• [Task brief]
Below are some entries; reproduce them exactly and leave every picture out.

• [Records supplied]
━━━━━━━━

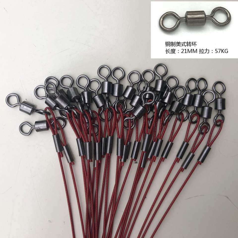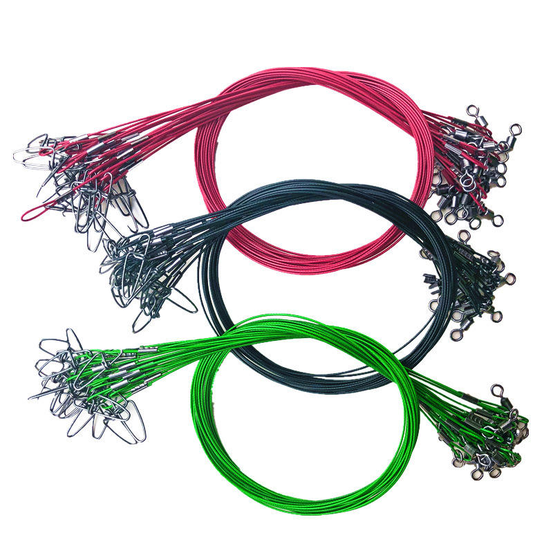 สายลวดเหล็กทองแดงหนาสำหรับตกปลาทะเล พร้อมห่วงสแนปสีเขียว ดำ แดง ขนาด 20 ซม. 30 ซม. 50 ซม. ทำจากเหล็กกล้าคาร์บอน
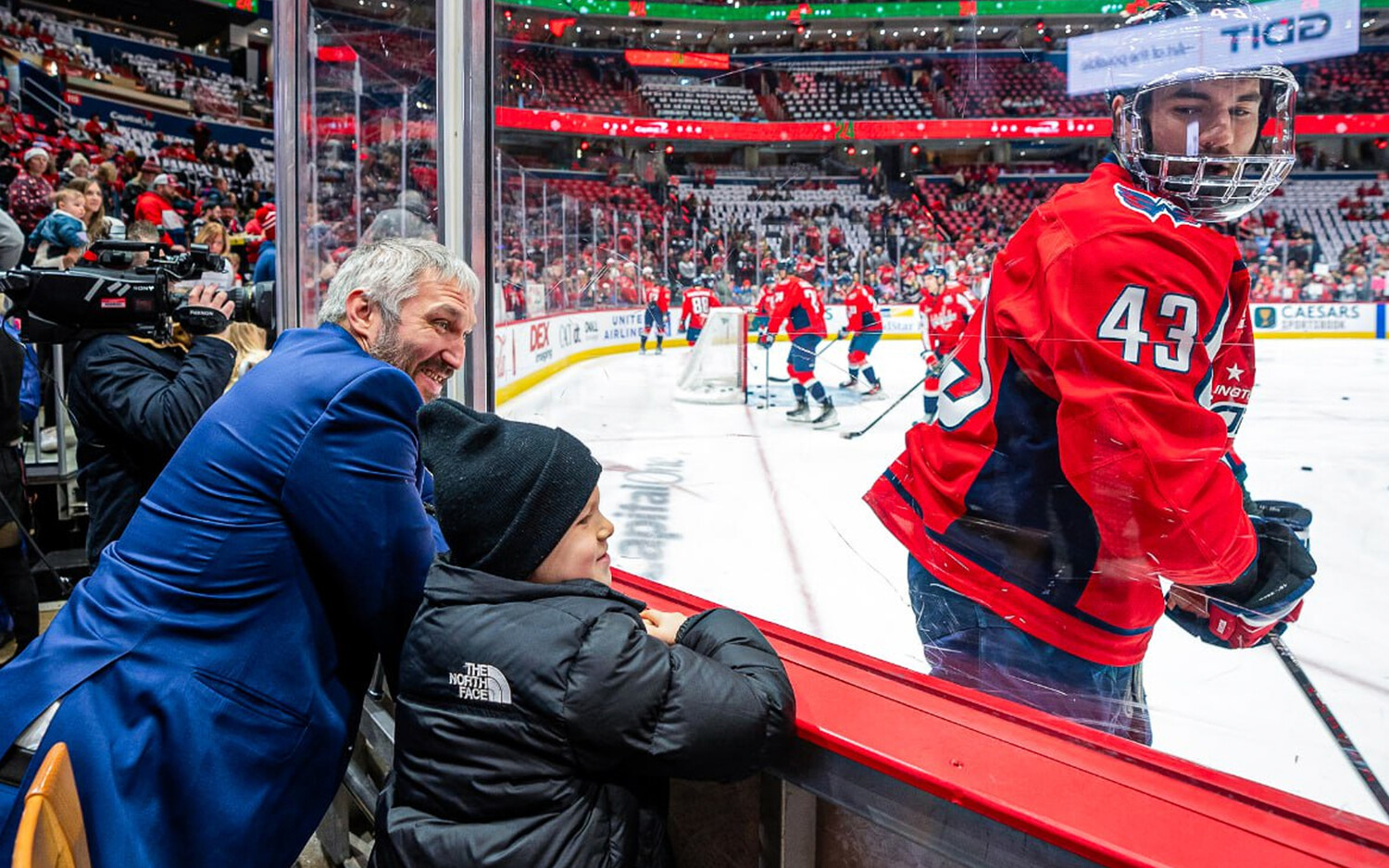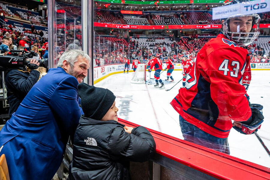 Российский нападающий и капитан «Вашингтон Кэпиталз» Александр Овечкин вместе с сыном Сергеем посетили матч «столичных», который прошел в рамках регулярного чемпионата Национальной хоккейной лиги (НХЛ) против «Лос-Анджелес Кингз».
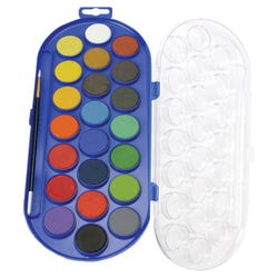 Designed with the student in mind, the set includes the finest quality of brilliantly colored opaque water colors. The non-toxic cakes measure 1-1/8 inch in diameter and come in a sturdy plastic box with lid. Lid can be used for mixing colors. AP certified.
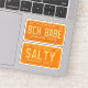Two piece bonus sticker set! Travel back in time to the year 1969 with these vintage-inspired Florida license plate designs. Bold, embossed-style pale yellow text pops on the orange contrast. There's realistic screws to keep an authentic vibe. The use of vintage-style lettering and Sunshine State slogan brings a nostalgic and playful feel. With fun custom tag numbers "Salty" and "Beach Babe" this unique coastal life sticker set is perfect for your cooler, car, laptop and more! The 14x14 inch sticker size will replicate a realistic plate sized sticker. Multiple sizes available.
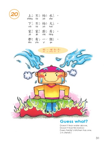 20 上不怕水, 上不怕水 下不怕火, 下不怕火 家家廚房, 家家廚房 都有一個。 都有一個 猜 一 種廚具 猜 一 種人體器官 猜一種廚具 Guess what? Doesn’t fear water above, Doesn’t fear fire below; Every family’s kitchen has one. ( A utensil ) 31
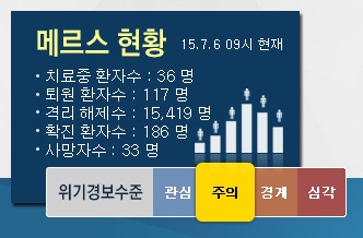 메르스 현황을 살펴보면 6일 오전 6시 현재, 치료 중인 환자는 36명(19.4%)으로 1명 줄었고, 퇴원자는 1명 늘어 총 117명(62.9%)으로 증가했다.
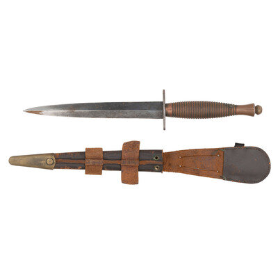 6.875" double edged spear point blade with prominent median ridge, 11.675" in overall length. Unmarked 2" oval metal guard, 4.5" cast alloy hilt with screw pommel cap and cast gripping ridges. Hilt struck with a small {Broad Arrow} near pommel cap. Blued blade, blackened alloy hilt. Includes a leather scabbard with elastic hilt retention strap.

━━━━━━━━

• [Task result]
 สายลวดเหล็กทองแดงหนาสำหรับตกปลาทะเล พร้อมห่วงสแนปสีเขียว ดำ แดง ขนาด 20 ซม. 30 ซม. 50 ซม. ทำจากเหล็กกล้าคาร์บอน
 Российский нападающий и капитан «Вашингтон Кэпиталз» Александр Овечкин вместе с сыном Сергеем посетили матч «столичных», который прошел в рамках регулярного чемпионата Национальной хоккейной лиги (НХЛ) против «Лос-Анджелес Кингз».
 Designed with the student in mind, the set includes the finest quality of brilliantly colored opaque water colors. The non-toxic cakes measure 1-1/8 inch in diameter and come in a sturdy plastic box with lid. Lid can be used for mixing colors. AP certified.
Two piece bonus sticker set! Travel back in time to the year 1969 with these vintage-inspired Florida license plate designs. Bold, embossed-style pale yellow text pops on the orange contrast. There's realistic screws to keep an authentic vibe. The use of vintage-style lettering and Sunshine State slogan brings a nostalgic and playful feel. With fun custom tag numbers "Salty" and "Beach Babe" this unique coastal life sticker set is perfect for your cooler, car, laptop and more! The 14x14 inch sticker size will replicate a realistic plate sized sticker. Multiple sizes available.
 20 上不怕水, 上不怕水 下不怕火, 下不怕火 家家廚房, 家家廚房 都有一個。 都有一個 猜 一 種廚具 猜 一 種人體器官 猜一種廚具 Guess what? Doesn’t fear water above, Doesn’t fear fire below; Every family’s kitchen has one. ( A utensil ) 31
 메르스 현황을 살펴보면 6일 오전 6시 현재, 치료 중인 환자는 36명(19.4%)으로 1명 줄었고, 퇴원자는 1명 늘어 총 117명(62.9%)으로 증가했다.
 6.875" double edged spear point blade with prominent median ridge, 11.675" in overall length. Unmarked 2" oval metal guard, 4.5" cast alloy hilt with screw pommel cap and cast gripping ridges. Hilt struck with a small {Broad Arrow} near pommel cap. Blued blade, blackened alloy hilt. Includes a leather scabbard with elastic hilt retention strap.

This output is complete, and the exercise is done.